Take from the entries below the stretch from the line with "NOTICIAS 26/07/2023Realizan curso" through the line with "Nos generará una", and return it exactly, leaving the pictures out.

━━━ Given data

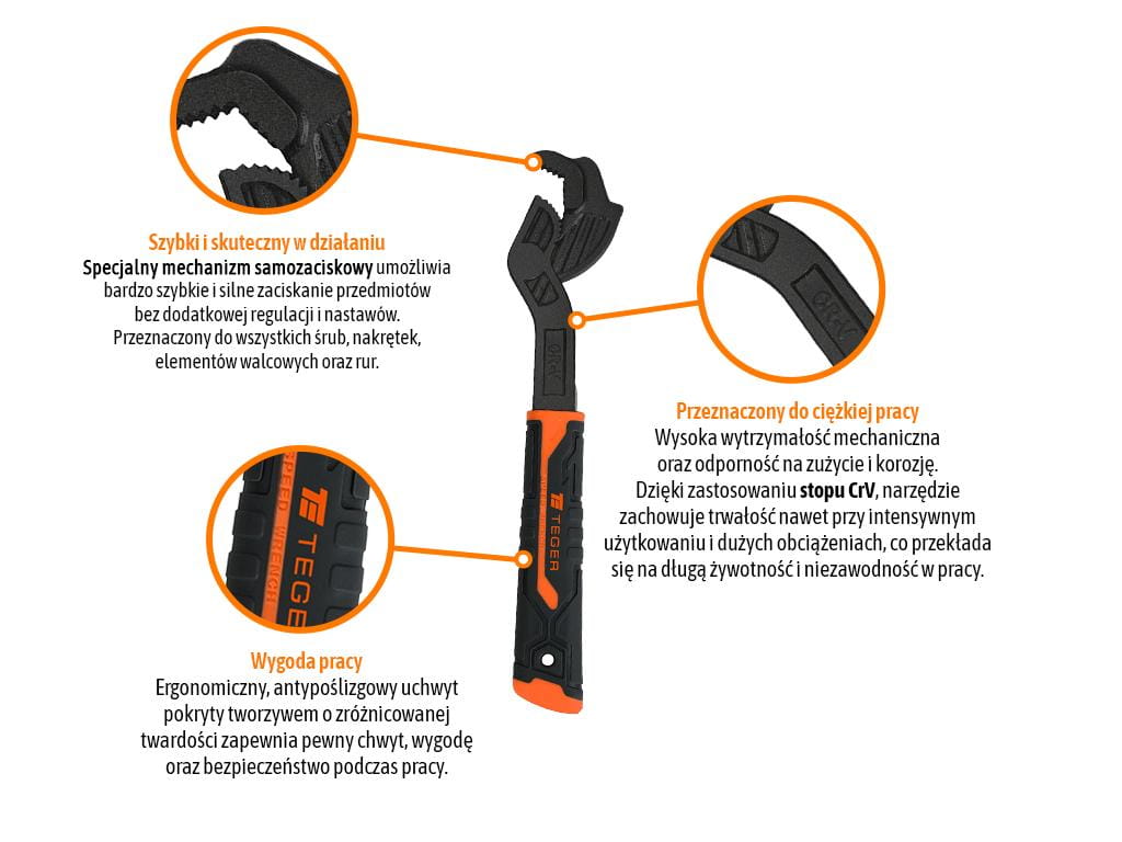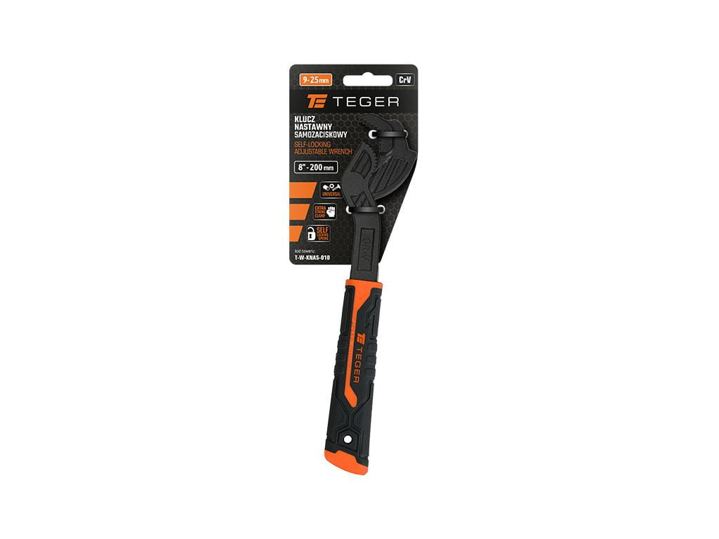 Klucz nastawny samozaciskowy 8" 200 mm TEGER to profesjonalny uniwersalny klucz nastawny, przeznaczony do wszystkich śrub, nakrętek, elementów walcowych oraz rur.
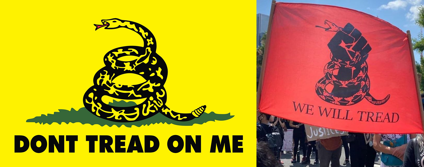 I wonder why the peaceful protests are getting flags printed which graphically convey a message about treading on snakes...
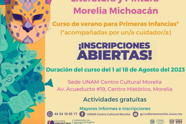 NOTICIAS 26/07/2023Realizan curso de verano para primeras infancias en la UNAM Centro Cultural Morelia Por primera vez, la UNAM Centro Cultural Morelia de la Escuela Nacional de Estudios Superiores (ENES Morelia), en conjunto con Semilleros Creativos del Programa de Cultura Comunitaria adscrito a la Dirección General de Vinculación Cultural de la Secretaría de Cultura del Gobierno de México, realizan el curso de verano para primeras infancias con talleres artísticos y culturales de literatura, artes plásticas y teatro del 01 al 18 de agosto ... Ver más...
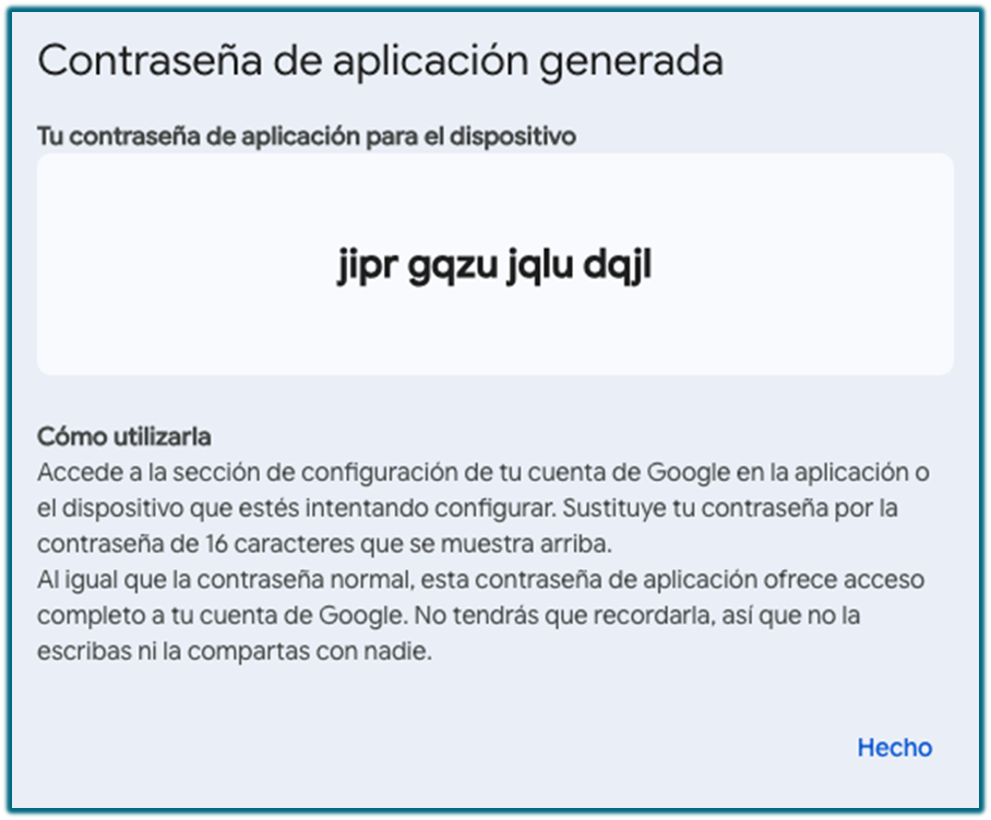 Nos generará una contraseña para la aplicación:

━━━━━━
━━━ Given data

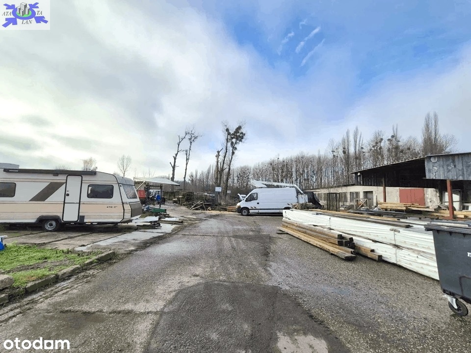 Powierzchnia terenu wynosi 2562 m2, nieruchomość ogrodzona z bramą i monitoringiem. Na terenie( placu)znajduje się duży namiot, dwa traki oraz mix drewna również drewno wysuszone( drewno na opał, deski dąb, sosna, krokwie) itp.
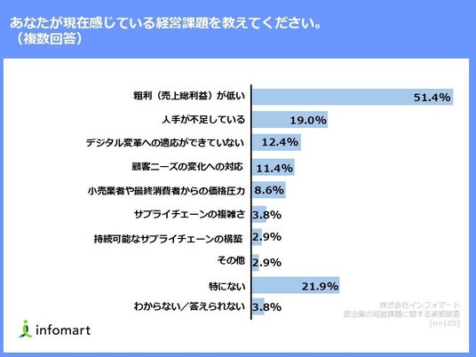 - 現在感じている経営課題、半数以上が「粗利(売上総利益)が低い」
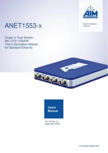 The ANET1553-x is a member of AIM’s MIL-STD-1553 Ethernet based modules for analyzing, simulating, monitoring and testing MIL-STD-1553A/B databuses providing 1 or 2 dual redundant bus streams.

━━━━━━
━━━ Given data

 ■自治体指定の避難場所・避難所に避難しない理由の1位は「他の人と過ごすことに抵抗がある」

━━━━━━

■ Answer section
 NOTICIAS 26/07/2023Realizan curso de verano para primeras infancias en la UNAM Centro Cultural Morelia Por primera vez, la UNAM Centro Cultural Morelia de la Escuela Nacional de Estudios Superiores (ENES Morelia), en conjunto con Semilleros Creativos del Programa de Cultura Comunitaria adscrito a la Dirección General de Vinculación Cultural de la Secretaría de Cultura del Gobierno de México, realizan el curso de verano para primeras infancias con talleres artísticos y culturales de literatura, artes plásticas y teatro del 01 al 18 de agosto ... Ver más...
 Nos generará una contraseña para la aplicación:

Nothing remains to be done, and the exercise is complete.